Average cumulative deviation scores on the inter-university progress test for the participating medical schools A, B, and C in the academic years 2001/2002–2004/2005. Panel 1 shows the deviation scores for the overall test score, panels 2–4 show the scores for the subtests on the clusters of basic sciences, behavioural sciences/miscellaneous, and clinical knowledge. Panels 5 and 6 show the deviation scores for a discipline-based subtest on clinical psychology and psychiatry and a category-based subtest on kidney and urinary system. The three curves represent the relative performance of the three schools over 24 measurement moments (results of 6 year groups on four tests) per academic year. By definition the three curves add up to zero for each measurement moment. The end points represent the average relative performance of the schools per academic year

The upper panel of Fig. 3 shows the patterns for the overall test scores.

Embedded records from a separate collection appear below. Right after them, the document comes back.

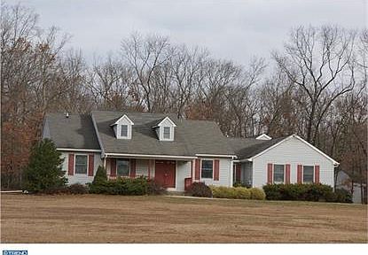 This country home sits all the way at the end of Tuckerton road where begins the dirt road leading to the historic Carranza Memorial. Located on over 7 Acres, this custom built contemporary is perfect for horses as a large portion has already been cleared. The unique floor plan is both beautiful and functional as the Master suite is situated on the right wing and the other 2 bedrooms on the left. The study is off the foyer as is the formal dining room center hall style. The great room looks out to the rear property and is open to the kitchen which has an island convenient for snacks or as a passthrough during the game. The full high basement is easily finished and there are 2 sheds, one of which is equipped with phone, electricity and prewired for low voltage lighting. There is a security system and irrigation too. There is a staircase leading to the unfinished attic with future expansion in mind.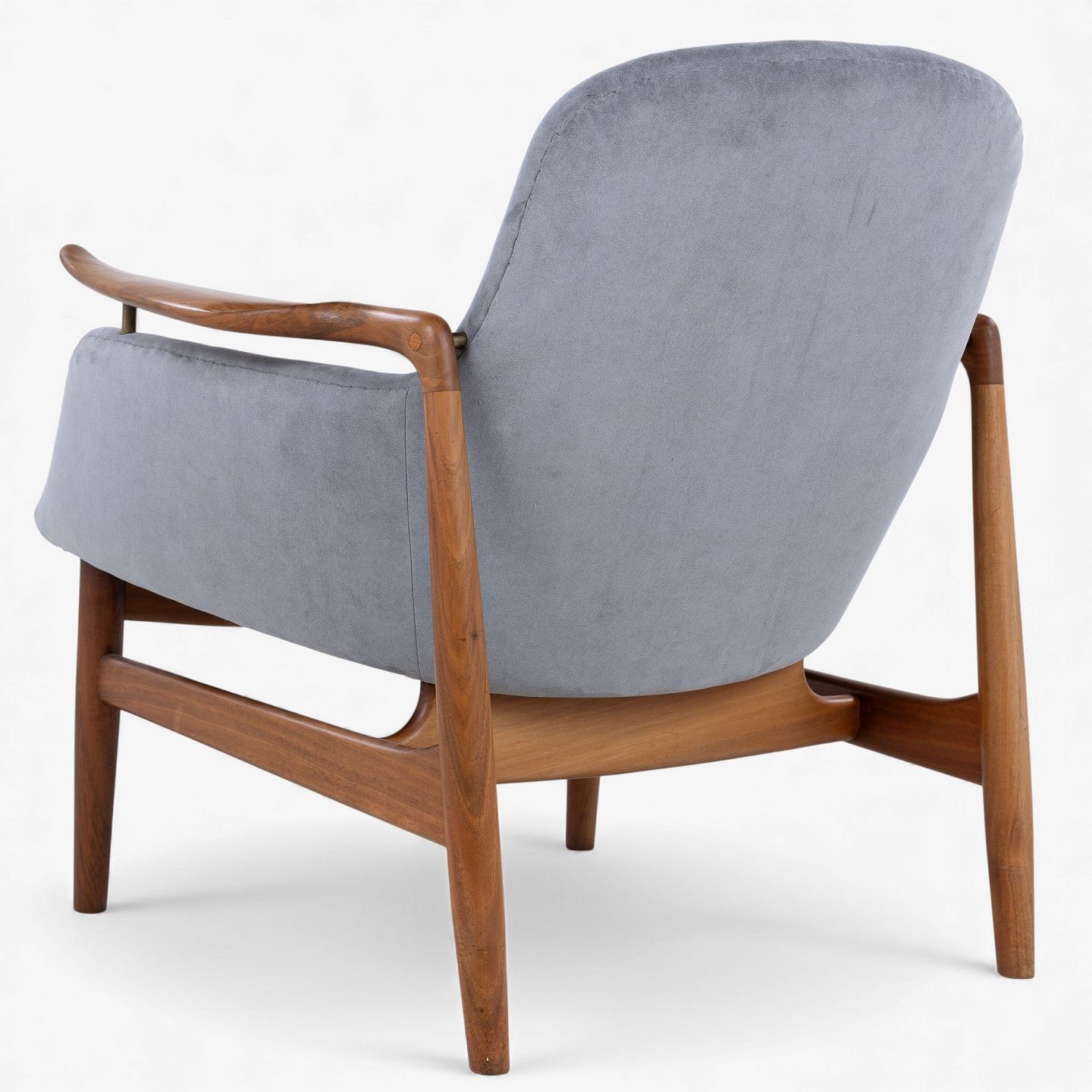 NV 53 - Armchair in grey 'Alcantara' fabric with frame in patinated walnut.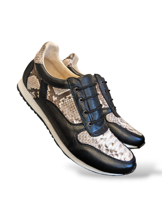 Natural Snakeskin and Black Leather Lace Up Sneaker Shoes
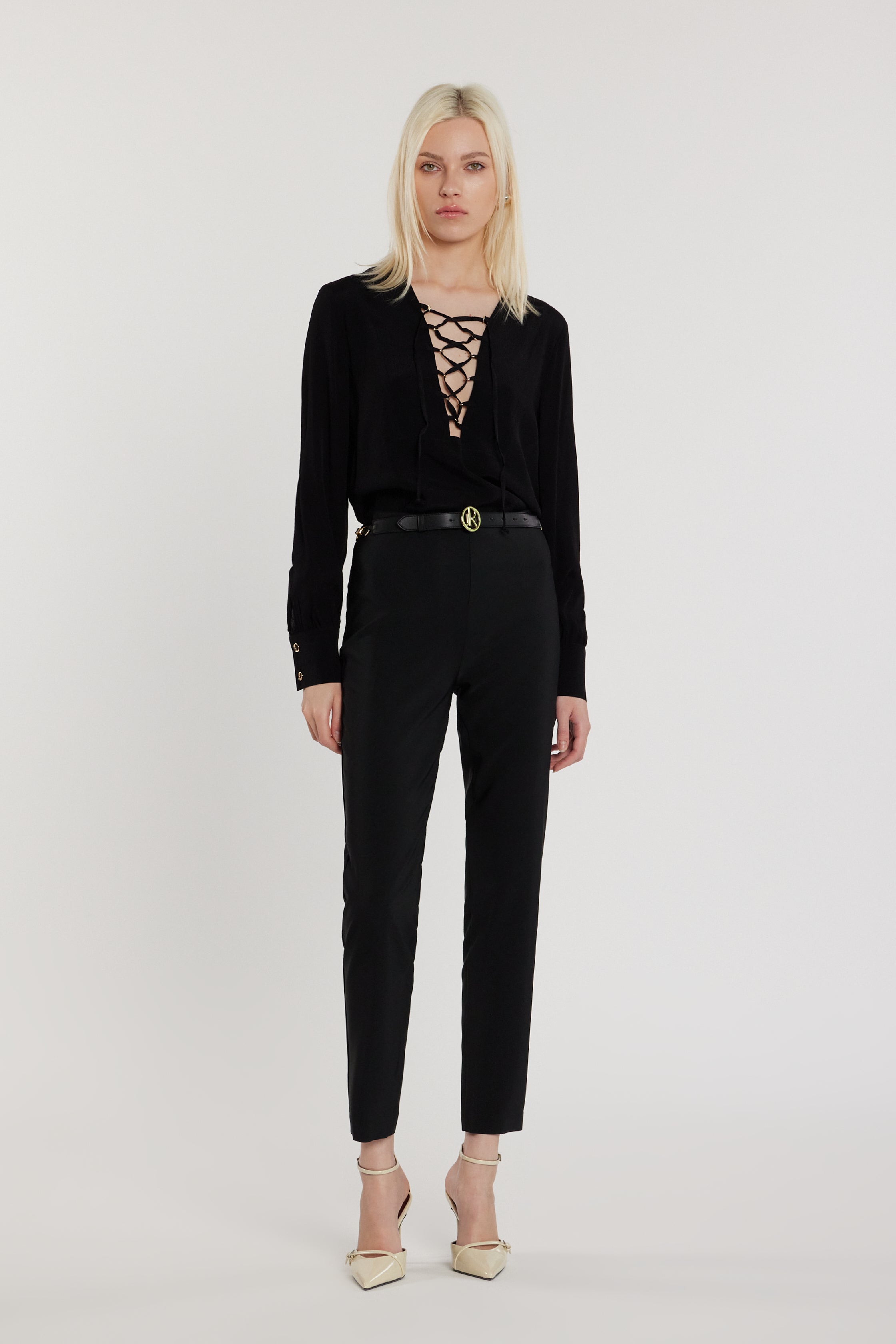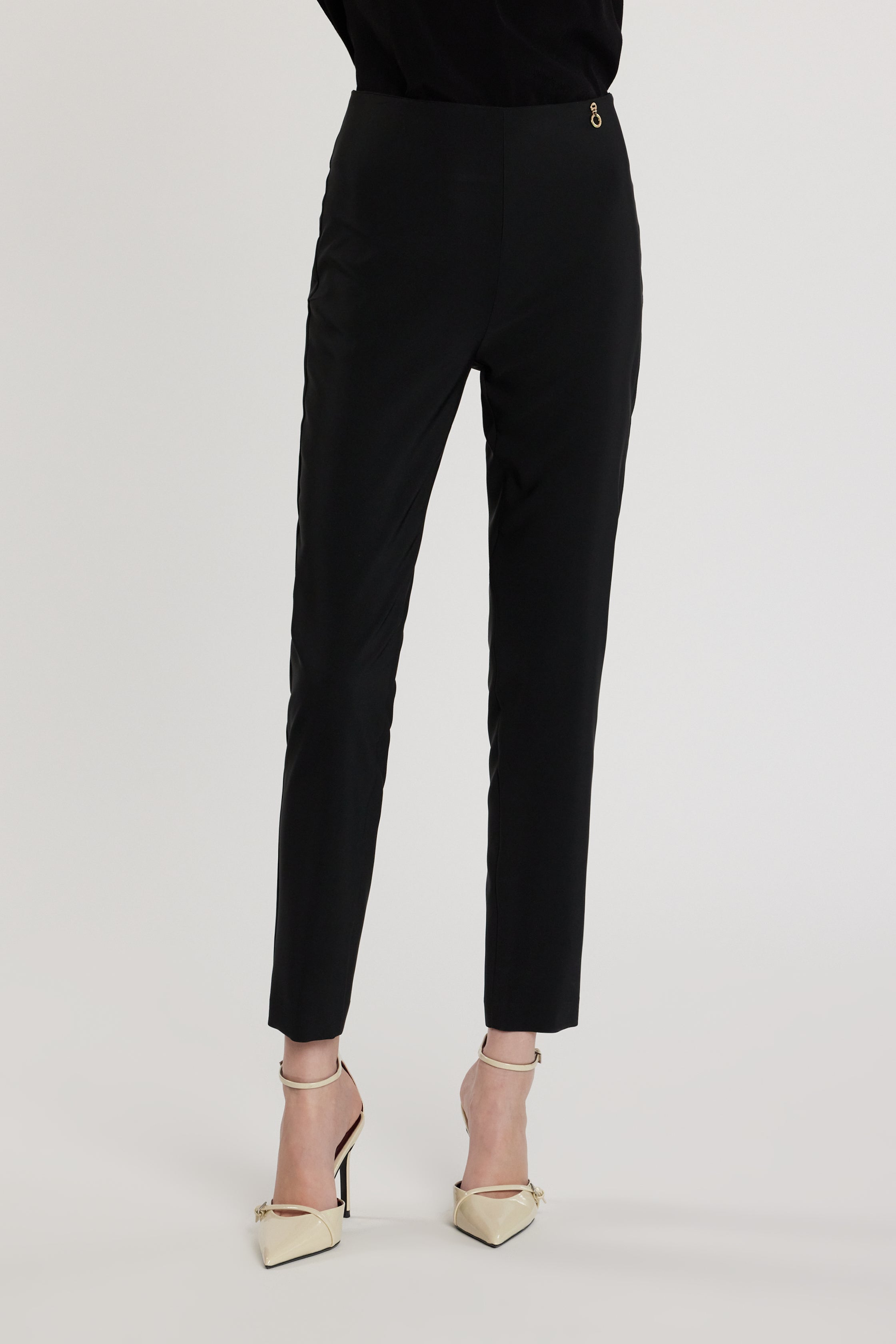 Pantalone Pammy vita alta capri dal taglio stretto, un capo essenziale e femminile che valorizza la silhouette. Il fit asciutto lo rende ideale per outfit eleganti da giorno o look casual chic.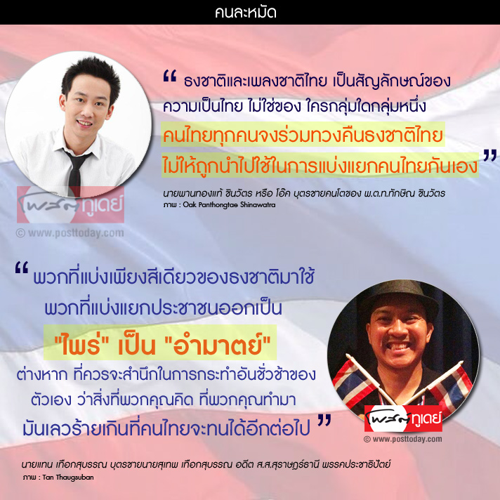 พวกที่แบ่งเพียงสีเดียวของธงชาติมาใช้ พวกที่แบ่งแยกประชาชนออกเป็น "ไพร่" เป็น "อำมาตย์" ต่างหาก ที่ควรจะสำนึกในการกระทำอันชั่วช้าของตัวเอง ว่าสิ่งที่พวกคุณคิด ที่พวกคุณทำมา มันเลวร้ายเกินที่คนไทยจะทนได้อีกต่อไป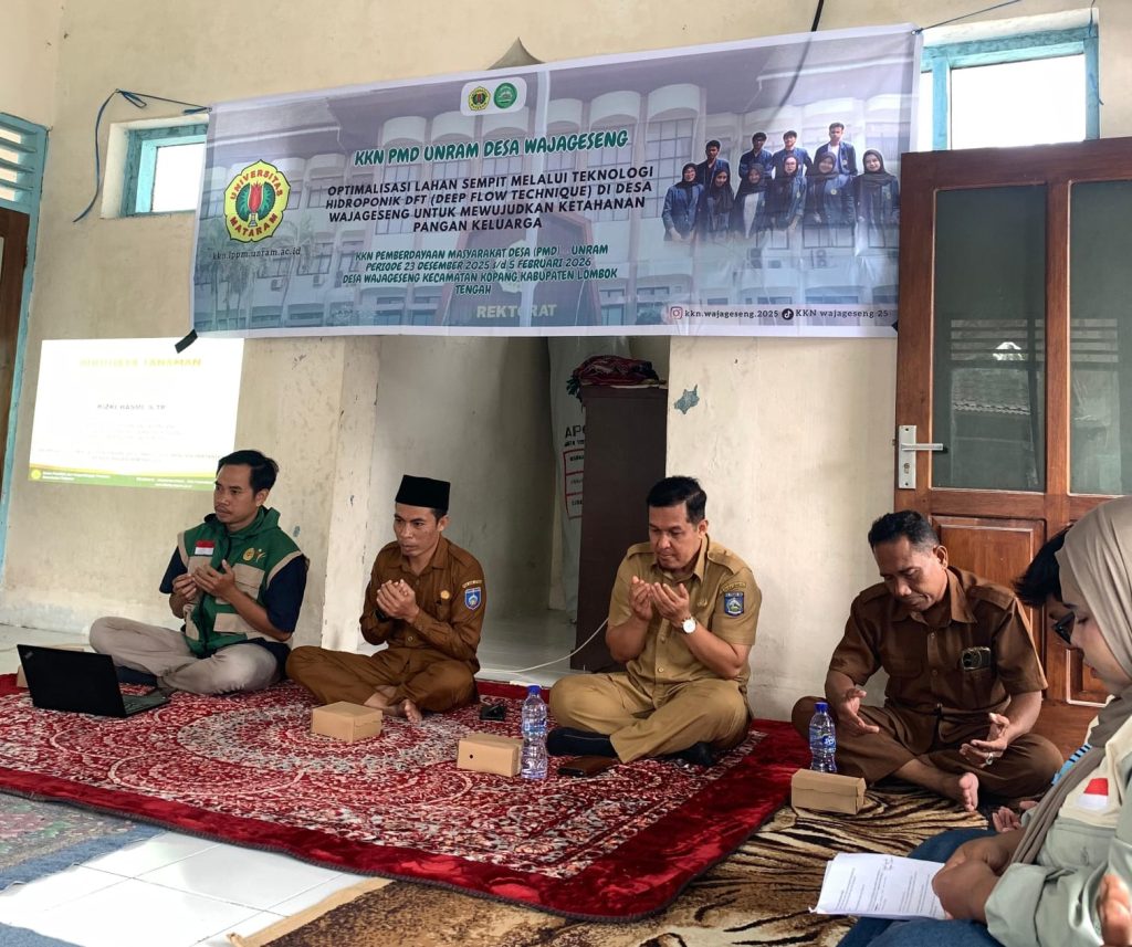 Kegiatan ini dilaksanakan di Mushola An-Nur RT 07 Dusun Wajageseng (20/1/2026) yang bertujuan untuk memberikan edukasi kepada masyarakat tentang pemanfaatan lahan terbatas secara produktif. Sistem hidroponik DFT (Deep Flow Technique) dipilih karena praktis, hemat air, serta mampu menghasilkan tanaman yang bersih dan sehat. Pada pelatihan ini, mahasiswa UNRAM menggunakan pakcoy sebagai salah satu contoh dalam budidaya hidroponik system DFT. Mahasiswa KKN UNRAM menghadirkan narasumber langsung dari UPT Pertanian Kopang, Bapak Rizki Hasmi, S.Tp, yang juga merupakan Penyuluh Lapangan Desa Wajageseng.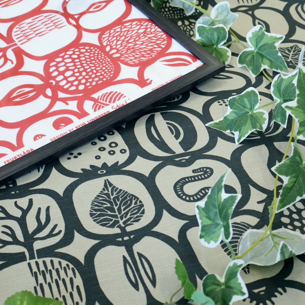 Fruktladaに描かれているのは、リンゴや洋梨を思わせる果実たち。しかし写実ではなく、形を単純化し、箱に収めるように配置することで、模様としての完成度が高められています。キッチンやダイニングと相性の良いモチーフでありながら、インテリア全体に自然に溶け込む、リンドベリらしいバランス感覚が光ります。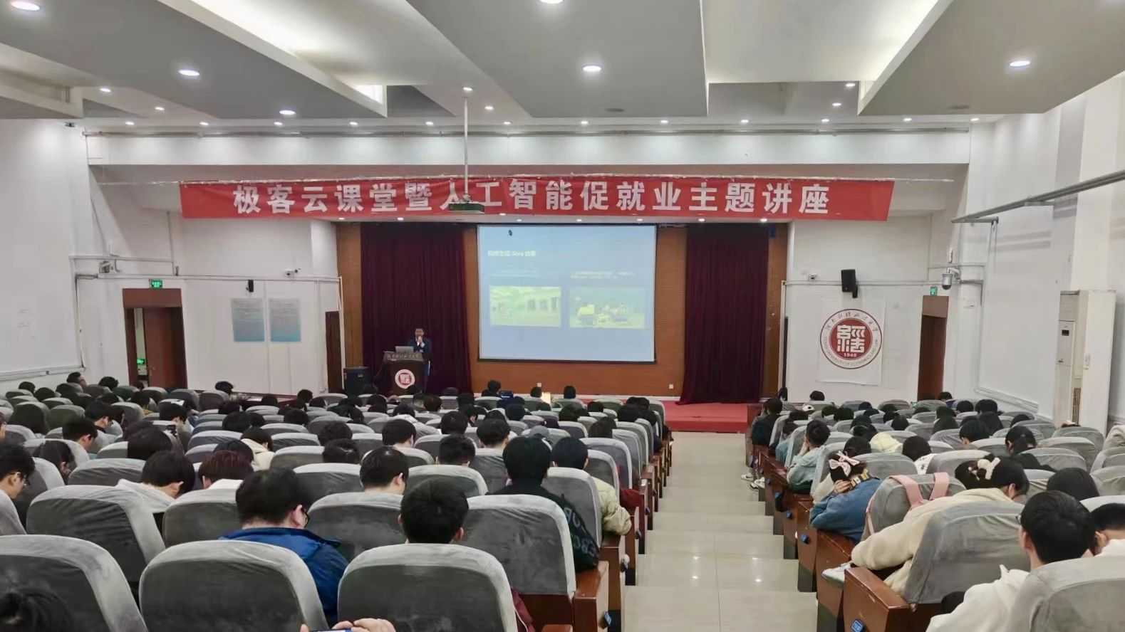 3月18日晚,我院联合中原龙子湖数字经济创业创新培育中心、中原科技城数字豫才开展极客云课堂暨人工智能促就业主题讲座,邀请微软(中国)的资深架构师谢亚力作主题为“拥抱人工智能、大学生的学习与就业新策略”的报告。讲座在教一220举行,由学院党委副书记张晓静主持,2021级部分学生参加此次讲座。

Application of the significance boundaries (gradually decreasing from 0.4 to 0.24 between measurement moments 1 and 24) shows that large parts of the cumulative deviation pattern are statistically significant, with patterns varying within a range of −1% to +1%. For comparison, average progress test scores range from 3% at measurement moment 1 to 35% at measurement moment 24, with SDs gradually increasing from 3% at moment 1 to 9% at moment 24. So, in terms of Cohen’s effect size the between school effect is of the order of \({\hbox{ES = }}\left| {{\hbox{mean difference}}} \right|{\hbox{/SD}} = 2/9 \approx 0.2\), which according to Cohen’s classification is to be considered a small effect (Hojat and Xu 2004).

The pattern of the end points for school A (dots in the upper panel) indicates a downward trend in performance over the four academic years, albeit that there is a slight upturn in the fourth year.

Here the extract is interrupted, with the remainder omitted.